The date and time for hand-down is deemed to be 10:00 on 16 August
2023.
Summary
:
Business Rescue Application –
s 131 of the
Companies Act 71 of 2008 (Companies Act) – definition of
business rescue -
s 128(1)(b)
of the
Companies Act –
requirements
thereof – business rescue vs liquidation –
“reasonable prospect”- onus on the applicant to prove
that there is a reasonable possibility of achieving a rescue of the
business or a reasonable prospect that business rescue will
result in
a better return for creditors compared to a liquidation –
applicant provided unsubstantiated and uncorroborated
evidence
– no solid information – applicant therefore failed
to discharge onus.
JUDGMENT
PG LOUW, AJ
Introduction
[1]
This is an application to place the first
respondent (Eraki) under supervision and to commence business rescue
proceedings in terms
of s 131 of the Companies Act 71 of 2008
(Companies Act).
[2]
The applicant (Mr Gouws) is the sole member
of Eraki.
[3]
The third respondent (Calgro) was granted
leave to intervene in the business rescue application.
[4]
On 10 October 2019, Calgro instituted
liquidation proceedings in this division, against Eraki, under case
number 34440/2019.
[5]
On 25 October 2021, Wright J granted an
order placing Eraki under provisional liquidation.
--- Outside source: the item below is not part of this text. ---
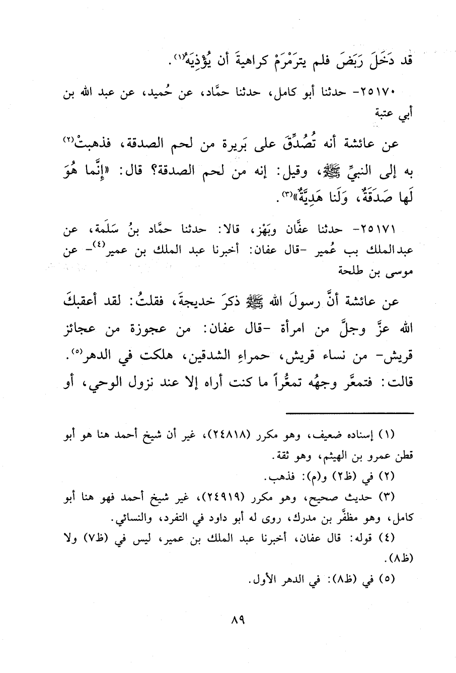 ٢٥١٧١ - حَدَّثَنَا عَفَّانُ، وَبَهْزٌ، قَالَا: حَدَّثَنَا حَمَّادُ بْنُ سَلَمَةَ، عَنْ عَبْدِ الْمَلِكِ بْنِ عُمَيْرٍ - قَالَ عَفَّانُ: أَخْبَرَنَا عَبْدُ الْمَلِكِ بْنُ عُمَيْرٍ (٤) - عَنْ مُوسَى بْنِ طَلْحَةَ، عَنْ عَائِشَةَ، أَنَّ رَسُولَ اللهِ صَلَّى اللهُ عَلَيْهِ وَسَلَّمَ ذَكَرَ خَدِيجَةَ، فَقُلْتُ: لَقَدْ أَعْقَبَكَ اللهُ عَزَّ وَجَلَّ مِنَ امْرَأَةٍ - قَالَ عَفَّانُ: مِنْ عَجُوزَةٍ مِنْ عَجَائِزِ قُرَيْشٍ - مِنْ نِسَاءِ قُرَيْشٍ، حَمْرَاءِ الشِّدْقَيْنِ، هَلَكَتْ فِي الدَّهْرِ (٥) . قَالَتْ: " فَتَمَعَّرَ وَجْهُهُ تَمَعُّرًا مَا كُنْتُ أَرَاهُ إِلَّا عِنْدَ نُزُولِ الْوَحْيِ، أَوْ
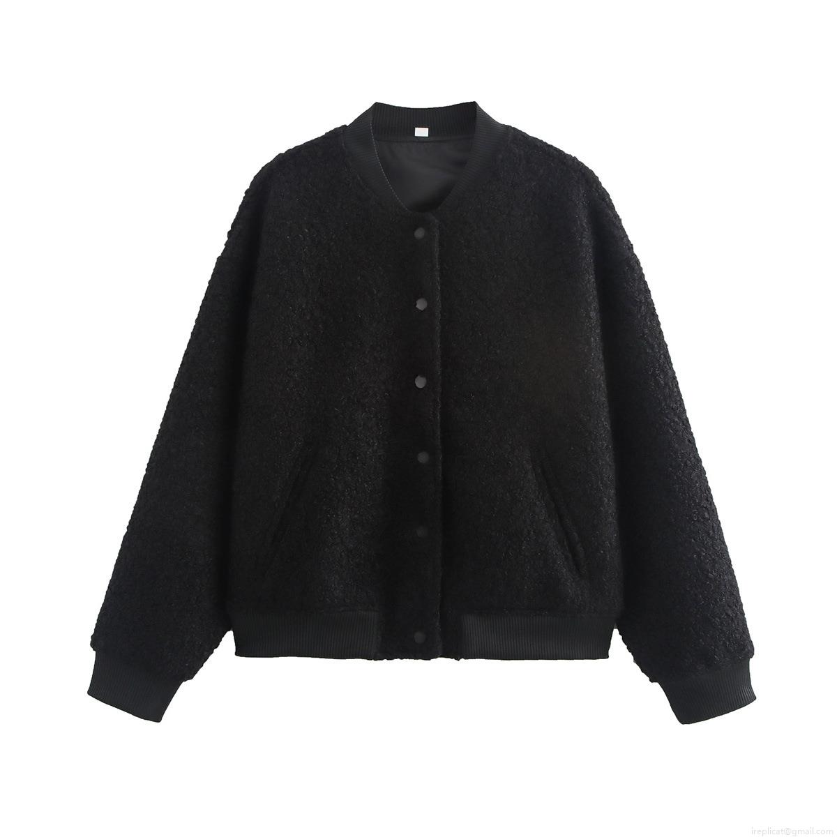 • Women's Casual Lamb Fleece Baseball Jacket Warm Long Sleeve Loose Bomber Coat Fashion Streetwear With Snap Buttons Ribbed Trim For Autumn Winter

The return date
was 31 January 2022.
[6]
The business rescue application was
instituted on 27 January 2022.
[7]
I was informed that on the return date, 31
January 2022, Windell J granted an order suspending the liquidation
proceedings pending
the adjudication of the business rescue
application.
Background facts
[8]
Eraki and Calgro have a long-standing
business relationship. Eraki and Calgro concluded a written supplier
agreement during January
2017 for the manufacturing and installation
of kitchens and built-in cupboards for a development known as
Fleurhof Development
Extension 37, to the value of approximately 11.2
million rands. Eraki would supply goods and/or services to Calgro in
terms of
the supplier agreement.
[9]
Eraki is a timber company specialising in
the production and installation of kitchen cabinets and cupboards in
the property development
and construction industry.
[10]
Calgro has been Eraki’s biggest
source of income for a number of years.
[11]
According to Eraki, Calgro paid it a total
amount of R 2 113 531.83 in terms of the supplier agreement, and
it also has a damages
claim against Calgro for an amount of
approximately R 2 889 114.96.
[12]
In
granting the provisional winding-up order, Wright J stated,
inter
alia,
the following in his judgment:
[1]
“
3.
Eraki raises many disputes of fact and it raises a counterclaim.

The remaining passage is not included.